*Exercise*:
The response has to reproduce all entries exactly while excluding their pictures.

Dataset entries
----------

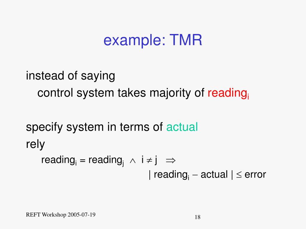 example: TMR instead of saying control system takes majority of readingi specify system in terms of actual rely readingi = readingjÙ i ¹ j Þ | readingi- actual | £ error
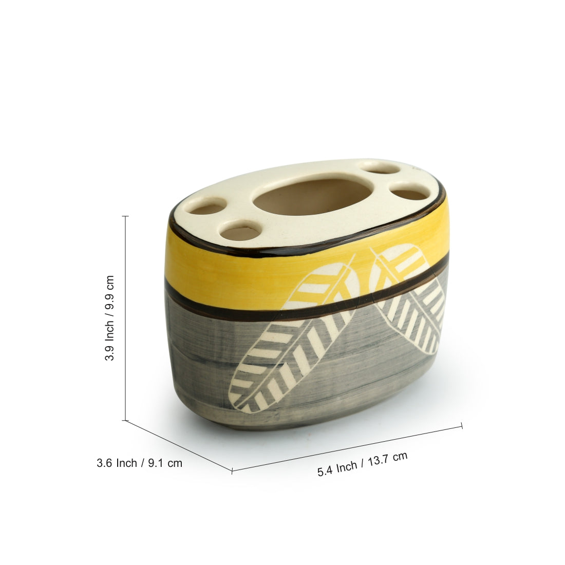 Material Handcrafted in ceramic by our artisans from interiors of the country, the 'Leaves Imprinted' is a beautiful and unique set of bathroom accessories. It comes with a toothbrush holder, a liquid soap dispenser and a soap dish, that when put together fit into a complete set, to complement your bathroom spaces. This family of bathroom essentials has been made and finished to detail by hand, glazed in elegant shades of grey - rimmed in a glossy lemon and is the perfect functional addition to your home. Making daily bathroom storage organised, aesthetic and elegant, this set is handmade with love; capturing and preserving the indigenous character of an ancient Indian ceramic culture.
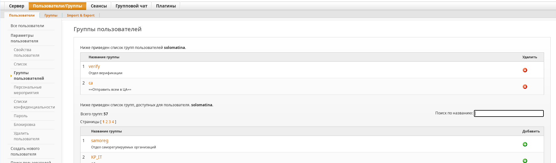 I conducted a forced experiment. A new clean server running on the latest version of ubuntu. The latest version of Openfire. I created a couple of groups, created a user, and added him to the groups during creation. When deleting a group from the user’s card, the bug is the same again as on my video, completely repeating it.
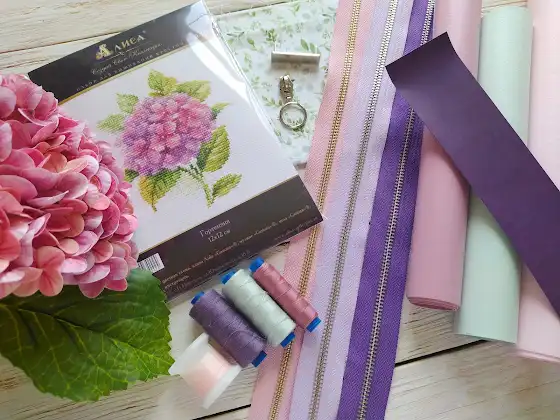 Я приступила к съёмке мастер-класса по мини-холдеру на молнии!😊 Для обложки будущего изделия я выбрала нежную вышивку гортензии, и отталкиваясь от её цветовой гаммы, подобрала материалы.
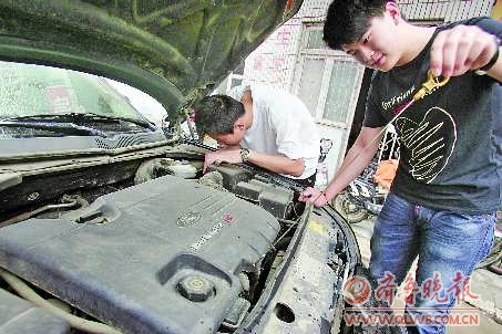 19日,2010年退役士兵职业技能培训班结业考试开考。此次旨在帮助退役士兵安置工作的职业技能培训由济宁民政等部门联合多家技校、驾校举办,开设有汽车驾驶、汽车维修、平面设计、数控机床等10余个就业热门专业。图为退役士兵正在考核汽车维修技能。 本报记者 张晓科 张建丽 摄
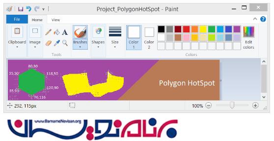 اگر شما از Expression Web استفاده می کنید، زمانی که بهینه سازی hotspot را کامل کردید می توانید مقدار مختصات دقیق را در کد منبع ببینید. اما اگر از Visual Studio ImageMap Designer استفاده کنید، اجازه نمی دهد که یک ناحیه را به صورت بصری تعریف کنید. ما می خواهیم از MS Paint برای این مقاله استفاده کنیم. علاوه بر این مشاهده خواهید کرد که چگونه می توان از MS Paint برای پیدا کردن مختصات ها استفاده کنیم.
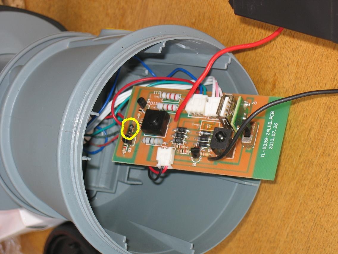 even dat ding opgeschroefd en ik kom tot de ontdekking dat er een weerstand verbrand is.
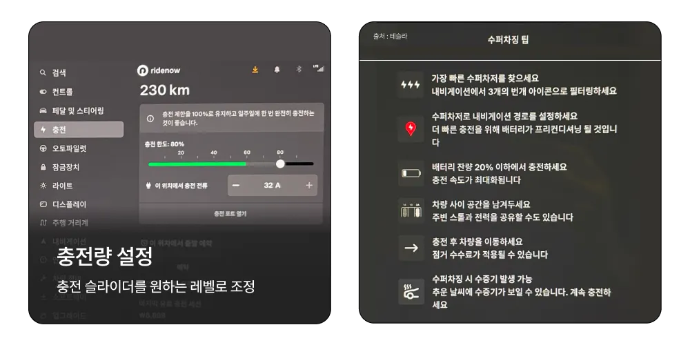 라이드나우 시승차량은 수퍼차저 혹은 데스티네이션 차저에서만 충전 가능해요.
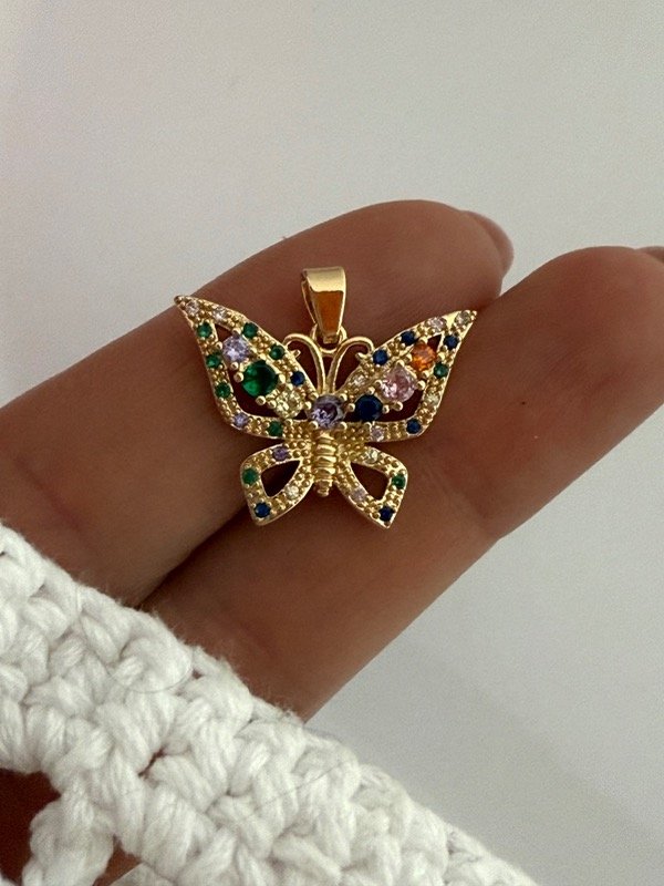 DD82 Dije mariposa con micropave multicolor 2 cm
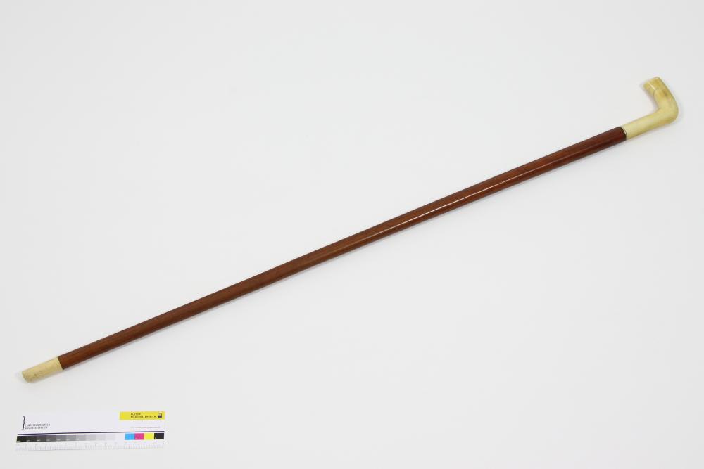 Brauner Gehstock mit Spitze und L-förmigem Griff aus Bein, Metallring zwischen Griff und Stock.

----------

*Response for this exercise*:
 example: TMR instead of saying control system takes majority of readingi specify system in terms of actual rely readingi = readingjÙ i ¹ j Þ | readingi- actual | £ error
 Material Handcrafted in ceramic by our artisans from interiors of the country, the 'Leaves Imprinted' is a beautiful and unique set of bathroom accessories. It comes with a toothbrush holder, a liquid soap dispenser and a soap dish, that when put together fit into a complete set, to complement your bathroom spaces. This family of bathroom essentials has been made and finished to detail by hand, glazed in elegant shades of grey - rimmed in a glossy lemon and is the perfect functional addition to your home. Making daily bathroom storage organised, aesthetic and elegant, this set is handmade with love; capturing and preserving the indigenous character of an ancient Indian ceramic culture.
 I conducted a forced experiment. A new clean server running on the latest version of ubuntu. The latest version of Openfire. I created a couple of groups, created a user, and added him to the groups during creation. When deleting a group from the user’s card, the bug is the same again as on my video, completely repeating it.
 Я приступила к съёмке мастер-класса по мини-холдеру на молнии!😊 Для обложки будущего изделия я выбрала нежную вышивку гортензии, и отталкиваясь от её цветовой гаммы, подобрала материалы.
 19日,2010年退役士兵职业技能培训班结业考试开考。此次旨在帮助退役士兵安置工作的职业技能培训由济宁民政等部门联合多家技校、驾校举办,开设有汽车驾驶、汽车维修、平面设计、数控机床等10余个就业热门专业。图为退役士兵正在考核汽车维修技能。 本报记者 张晓科 张建丽 摄
 اگر شما از Expression Web استفاده می کنید، زمانی که بهینه سازی hotspot را کامل کردید می توانید مقدار مختصات دقیق را در کد منبع ببینید. اما اگر از Visual Studio ImageMap Designer استفاده کنید، اجازه نمی دهد که یک ناحیه را به صورت بصری تعریف کنید. ما می خواهیم از MS Paint برای این مقاله استفاده کنیم. علاوه بر این مشاهده خواهید کرد که چگونه می توان از MS Paint برای پیدا کردن مختصات ها استفاده کنیم.
 even dat ding opgeschroefd en ik kom tot de ontdekking dat er een weerstand verbrand is.
 라이드나우 시승차량은 수퍼차저 혹은 데스티네이션 차저에서만 충전 가능해요.
 DD82 Dije mariposa con micropave multicolor 2 cm
 Brauner Gehstock mit Spitze und L-förmigem Griff aus Bein, Metallring zwischen Griff und Stock.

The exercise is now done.